Posted by Jake on July 20, 2005 2:27 pm

6 Comments »

  1. Just a quick comment on (2) above: most MMORPG characters top out around level 50 or 60 or so; after that point, your character doesn’t get any stronger and there are no challenging creatures left to battle, so the chararcter pretty much has to get retired.

    Also, most MMORPGs do have stories throughout your character’s development from newbie to level 60, often with definite beginnings and endings, though overall story arcs that run through the entire development of your character are fairly uncommon.

    The whole farming-for-virtual-property thing is nuts, though. I can’t remember the details, but recently someone bought the property and development rights to an island in one MMORPG world for some huge sum. Virtual real-estate.

    Comment by James — July 21, 2005 @ 5:12 am

  2. There’s really no difference in playing an MMO for a monthly fee, and paying a monthly fee for your cable bill, or your satellite radio, or paying to see a movie.

    Except, of course, the MMO form of entertainment is interactive, and includes socializing with other actual people. Where TV, movies, books, and music are for the most part one-sided forms of entertainment, MMOs allow for the player to interact with the entertainment environment as well as other real people. So, I can’t see why people want to condemn another person simply for their choice of the type of entertainment they prefer to pay for with their own hard-earned fiat currency dollars.

    I don’t see how paying a huge corporation like Time Warner or HBO for non-interactive content that pretty much always sucks and is filled full of advertising is any more ridiculous than someone paying monthly to play an online game.

    Also, someone figuring out a way to make money within a system is not necessarily a bad thing. Especially, if as you yourself say, the working conditions are better than the typical crappy sweatshop job available in those markets. Unless, of course, you are completely against free-market capitalism. Which is a whole other discussion.

    Comment by nobody cares — July 22, 2005 @ 3:17 am

  3. Ha, yeah, except they are ruining my in-game economy, damn it! I hate farmers, they are annoying, train mobs on you and kill important things you need for quests. You see them everywhere, everyone knows who they are and no one can do anything about it.

    And hitting the lvl cap means nothing. The game devs put out content patches with more and more challenging things to conquer. I have several maxed out characters and I play them all the time, helping level guildie noobs or trying to get that new epic pattern to drop. It’s crack, plain and simple. When you stand up after a full weekend of not showering and sitting in the same chair withour hardly moving, your body screams that maybe you should bust out the bike again and go for a ride. But you just go to bed, roll out to work and come home and plop back down in front of it again. Anyway, you have to save up for that epic mount…

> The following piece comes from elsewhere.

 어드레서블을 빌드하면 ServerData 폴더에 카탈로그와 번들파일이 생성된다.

    Comment by Anon — July 27, 2005 @ 9:16 am

  4. Oh, and I should mention that this sort of “gold farming” wouldn’t be a problem if there weren’t consumers out there to pay for it. Same as Wal-Mart or any other big name chain that notoriously abuses their workers. If we as human beings stood up and refused to purchase the products of these known offenders… Personal responsibility for our actions as individuals is the only solution to these types of problems.

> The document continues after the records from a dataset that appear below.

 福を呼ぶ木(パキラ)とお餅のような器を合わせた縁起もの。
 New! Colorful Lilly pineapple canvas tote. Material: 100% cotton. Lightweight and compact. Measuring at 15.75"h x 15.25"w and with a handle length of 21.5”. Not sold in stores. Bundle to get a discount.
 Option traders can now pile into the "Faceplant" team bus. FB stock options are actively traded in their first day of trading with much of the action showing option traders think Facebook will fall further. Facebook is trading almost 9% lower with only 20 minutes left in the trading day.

    Comment by Anon — July 27, 2005 @ 9:25 am

  5. I saw the same story. I regard this as a clear sign of the impending apocalypse. Make peace with your god, if you believe in that kind of thing. If not, drink heavily.

    Comment by Dr. T — July 29, 2005 @ 6:09 am

  6. I’m of that school that says let people have their crack, if they want it. I wouldn’t make a plea against smoking cigarettes either. Heck, maybe there’s even some money to be made in treating the addiction.